On Sun, Jun 14, 2026 at 8:56 PM Prithvi S <[email protected]> wrote:
>
> Hi all,
>
> I'm opening this thread as suggested by @dimas-b in the review of PR #4405 (
> https://github.com/apache/polaris/pull/4405), which touches authentication
> and authorization behavior. @flyrain also flagged a prior dev-list thread
> from April 2026 on the same topic, so I want to make sure that discussion
> is continued here.
>
> Background
> `PolarisPrincipal.of(PrincipalEntity, …)` currently forwards only the
> entity's *internal* properties (e.g. `client_id`) and silently drops any
> *user-defined* properties set at principal creation time (e.g.
> `region=northamerica`, `department=finance`).
>
> As a result, downstream consumers of `PolarisPrincipal.getProperties()`
> never see user attributes, and ABAC policies written against them never
> match.
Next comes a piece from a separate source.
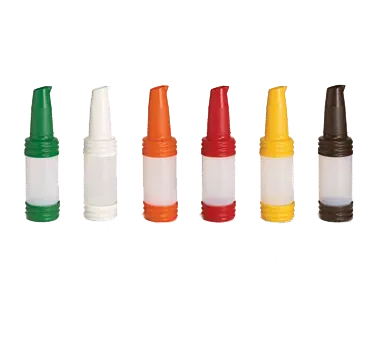 Premium tools for a successful setup with TableCraft Products, N32VA, Drink Bar Mix Pourer Complete Unit. This versatile and essential tool is designed to enhance efficiency and accuracy in commercial restaurant settings. The Cash & Carry PourMaster Complete Unit includes a 1-quart container with assorted color-coded caps, ensuring easy identification and organization. With two caps of each color - brown, green, red, orange, white, and yellow - you can effortlessly differentiate between various ingredients or mixtures. Made from dishwasher-safe polyethylene, this unit is not only durable but also BPA-free, guaranteeing the safety of your customers. The PourMaster V-Neck Top and StorMaster cap provide a secure and spill-free pouring experience. NSF certified, this unit meets the highest standards of quality and hygiene. Whether you're a barista, mixologist, or chef, the TableCraft Products Drink Bar Mix Pourer Complete Unit is a must-have tool for precise and efficient beverage preparation.

This affects:
>
> - `DefaultAuthenticator` : constructs `PolarisPrincipal` during
> authentication
> - `AuthenticatingAugmentor` : copies principal properties into
> `QuarkusSecurityIdentity` attributes
> - External authorizers : `OpaPolarisAuthorizer` and
> `RangerUtils.getUserAttributes` consume these as user attributes for policy
> evaluation
>
> The existing OPA test suite already builds principals with user-defined
> properties (e.g. `department=finance`), demonstrating the intended
> contract, which the production code path cannot currently honor.
>
> What PR #4405 does
> The fix adds a `mergeEntityProperties()` helper that combines the
> `PrincipalEntity`'s user-defined and internal properties, and uses the
> merged map when constructing `PolarisPrincipal` via the
> `of(PrincipalEntity, …)` overload.
>
> The design question raised:
> @flyrain pointed out that in April 2026, @adutra raised a concern that
> `PolarisPrincipal` was *intentionally* decoupled from `PrincipalEntity`
> (see PR #2307), and suggested an alternative approach: expose the persisted
> `PrincipalEntity` as a `SecurityIdentity` attribute rather than widening
> `getProperties()`.
>
> PR #4405 takes the opposite direction by merging properties directly into
> `PolarisPrincipal`. I want to understand whether this is acceptable or
> whether the community prefers the `SecurityIdentity` attribute approach
> instead.
>
> questions I have,
> 1. Was the decoupling of `PolarisPrincipal` from `PrincipalEntity` (PR
> #2307) intended to prevent exactly this kind of property merge? If so, what
> is the preferred mechanism for exposing user-defined principal attributes
> to downstream auth consumers?
> 2. Is the `SecurityIdentity` attribute approach (exposing `PrincipalEntity`
> directly) the right path, or are there other concerns with that?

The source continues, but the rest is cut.